PCI without on site CABG
The Atlantic CPORT investigators randomized, [23] in a non-inferiority design, nearly 19,000 patients undergoing PCI to a hospital with or without on-site surgery in a ratio of. Six-week mortality was virtually identical (1.0 vs. 0.9%) and 9-month MACE were also similar (11.2 vs. 12.1%); however, target vessel revascularization (TVR) was higher without on-site surgery (6.5 vs. 5.4%, P ¼ 0.01). This difference was seen regardless of the definition of TVR and regardless of stent type and may reflect a more conservative approach or a lower initial success rate without on-site surgery.
Multi vessel disease
The FREEDOM trial randomized 1900 diabetic patients with multi-vessel disease to PCI using drug-eluting stents (DESs) vs. CABG. At 5 years, the primary outcome of death, MI, or cerebrovascular accident occurred more commonly in the PCI group (26.6 vs. 18.7%,P = 0.005). The benefit of CABG was driven by differences in rates of both MI (P < 0.001) and death from any cause (P = 0.049). However, stroke was more frequent in the CABG group (5-year rates of 2.4% in PCI Vs 5.2% with CABG). Hence, patients with diabetes and advanced coronary artery disease, CABG should definitely offered to as a first line therapy. [24]

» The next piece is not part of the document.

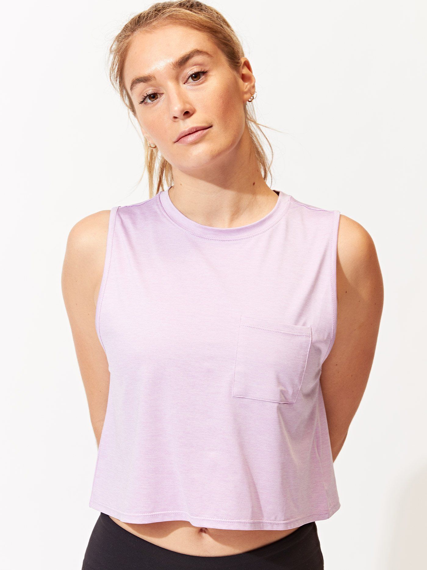 Made of our eco lightweight performance jersey, the Rochelle Crop Tank is the perfect essential tank top. Cropped at the waist with a left-side pocket, this top looks adorable paired with high-waisted leggings or jeans.

In the SYNTAX trial, investigators compared PCI to CABG in patients with left main or three-vessel CAD. The previously reported 1-year results showed similar rates of death and MI with both procedures, more strokes with CABG, and more repeat revascularization procedures with PCI. [25] The recently presented 5 year results of SYNTAX study demonstrate that outcomes were similar with coronary artery bypass grafting and percutaneous coronary intervention in the lowest tertile of SYNTAX score, whereas CABG outcomes were superior in the highest tertile. Longer follow-up now suggests that CABG beats PCI in the intermediate-risk group as well. [26]
However, a meta-analysis of 19 randomized trials of over 10,000 patients found a 30-day rate of stroke of 1.2% after CABG and 0.34% after PCI (P = 0.0001). This equates to an excess of seven strokes for every 1000 patients treated with CABG rather than PCI. Similar results were observed after a median follow-up of 1 year and in an analysis of nearly 34,000 patients from 27 observational studies. [27]
Stents
In primary PCI, drug-eluting stents (DES) reduce the risk of repeated TVR, compared with bare-metal stents (BMS). [28] There have been concerns about increased risks of very late stent thrombosis and reinfarction with DES, compared to BMS. However, HORIZONS AMI a randomized study of DES versus. BMS in STEMI patients, did not reveal any safety concerns, whereas a consistent reduction of restenosis and unplanned repeat revascularization was found after DES implantation even on long-term follow up. [29] An issue with the routine use of DES in this setting is that it is often difficult to determine reliably the ability of patients to comply with or tolerate the protracted use of dual antiplatelet therapy (DAPT).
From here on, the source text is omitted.